2.02 In addition to the fees paid under Section 2.01 above, the Trust agrees to reimburse
TFISI for out-of-pocket expenses or advances incurred by TFISI for the items set out in the
fee schedule attached hereto. In addition, any other expenses incurred by TFISI at the
request or with the consent of the Trust, will be reimbursed by the Trust. In no event will
TFISI be reimbursed for such out-of-pocket expenses for any items for which TFISI, Thrivent
Financial for Lutherans, or any other entity would be reimbursed by the Trust under any
other agreement, contract or reimbursement arrangement.
2.03 The Trust agrees to pay all fees and reimbursable expenses within five (5) days
following the receipt of the respective billing notice by the Trust. Postage for mailing of
dividends, proxy materials, Trust and Fund reports, Prospectuses and other mailings to all
Shareholder accounts shall be advanced to TFISI at least seven (7) days prior to the mailing
of such materials.
ARTICLE 3 REPRESENTATIONS AND WARRANTIES OF TFISI
TFISI represents and warrants to the Trust that:
3.01 It is a corporation duly organized and existing and in good standing under the laws of
the State of Pennsylvania.
3.02 It is duly qualified to carry on its business in the State of Minnesota.

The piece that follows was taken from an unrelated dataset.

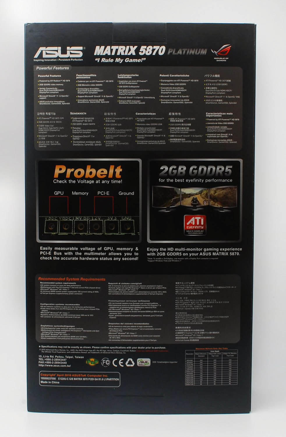 Задняя сторона коробки дает возможность подробнее изучить навороты видеокарты. Самыми важными, если исходить из размера вставок на поверхности коробки, разработчикам представляются две вещи. Во-первых, это возможность мерить напряжение разных компонентов графического ускорителя «на лету» с помощью вольтметра (шесть миниатюрных разъемов под щуп находятся на оборотной стороне видеокарты). Предполагается, что счастливый обладатель «Matrix» будет с энтузиазмом мерить щупом тестера напряжение работающих процессора, памяти или шины PCI-E. Не знаю, как насчет других, а на меня эта возможность впечатления не произвела.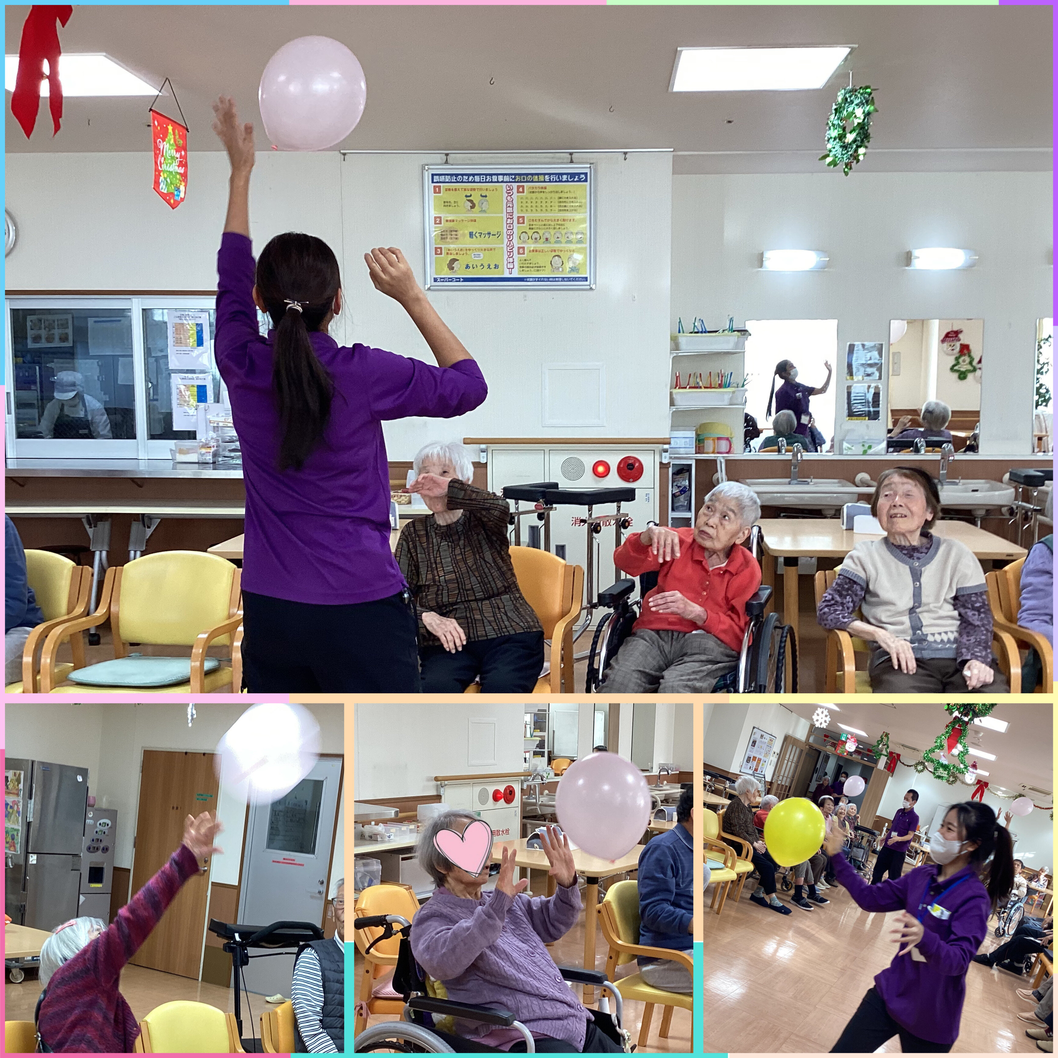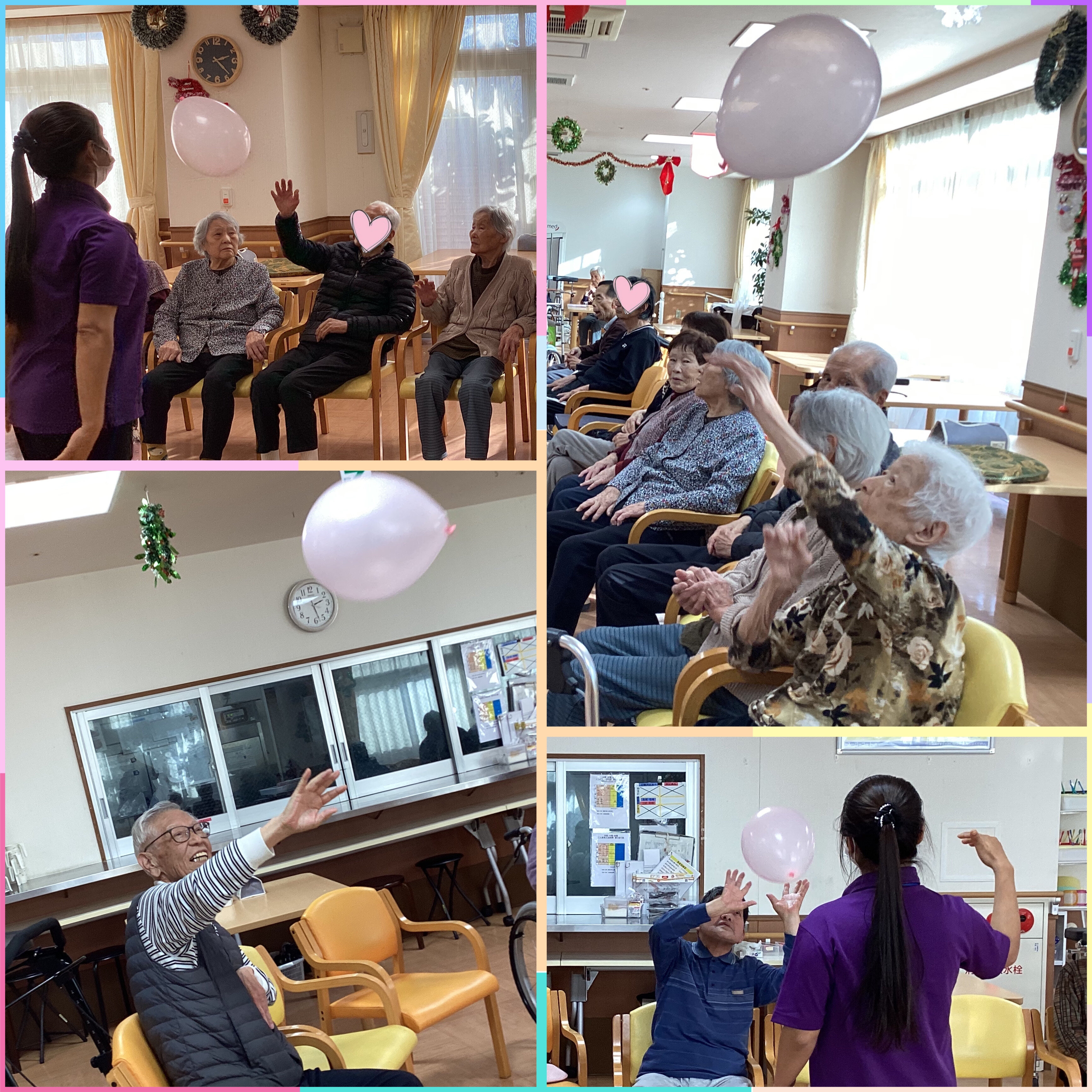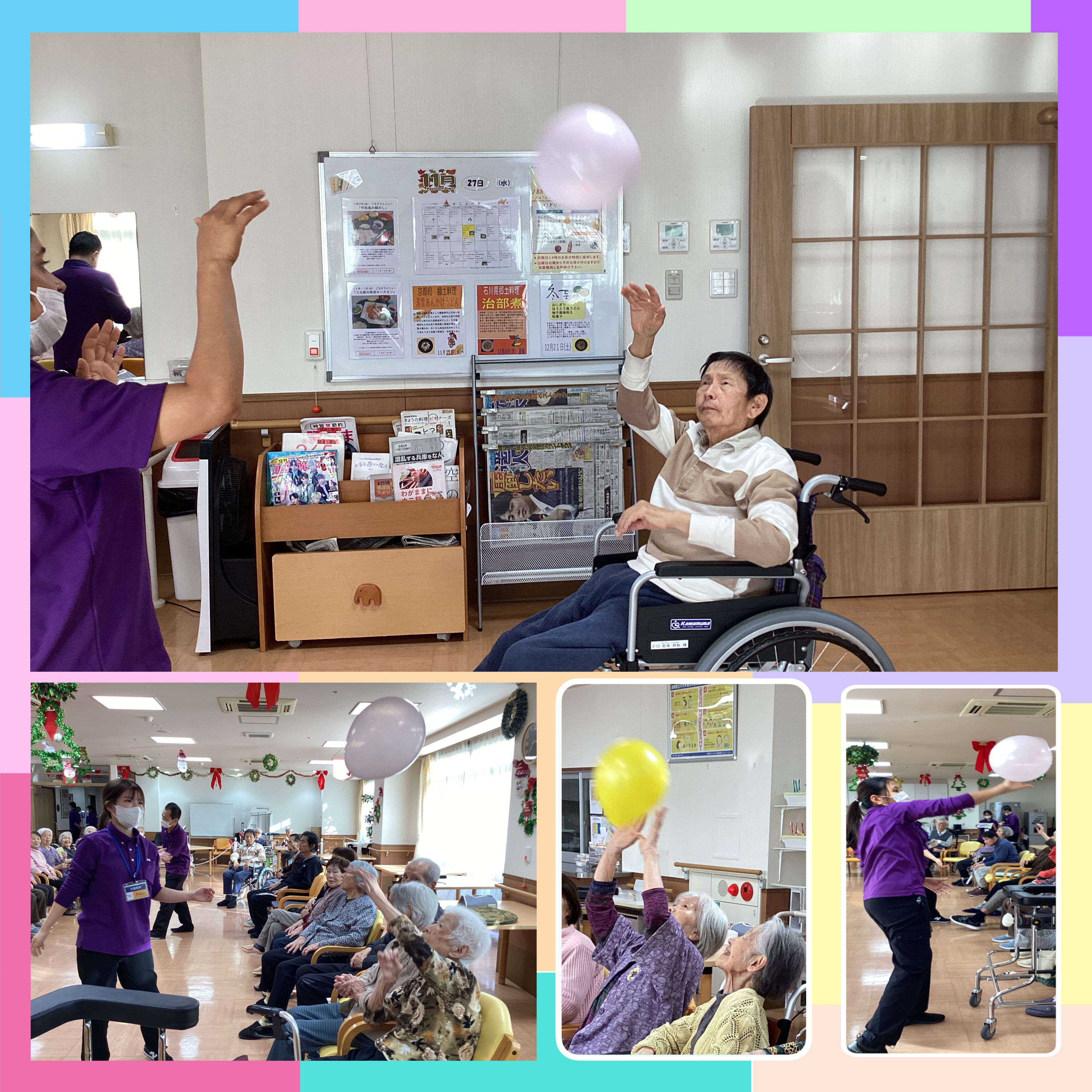 こんにちは!川西加茂です~!本日は、定番レクリエーションの風船バレーの様子をお伝えします。風船を使ったレクリエーションは、手軽に皆さんと楽しめますよね!ご入居者や職員とのコミュニケーションにもなります^^

3.03 It is empowered under the applicable laws and by its Articles of Incorporation and
Bylaws to enter into and perform this Agreement.
3.04 All requisite corporate proceedings have been taken to authorize it to enter into and
perform this Agreement.
3.05 It has and will continue to have access to the necessary facilities, equipment and
personnel to perform its duties and obligations under this Agreement.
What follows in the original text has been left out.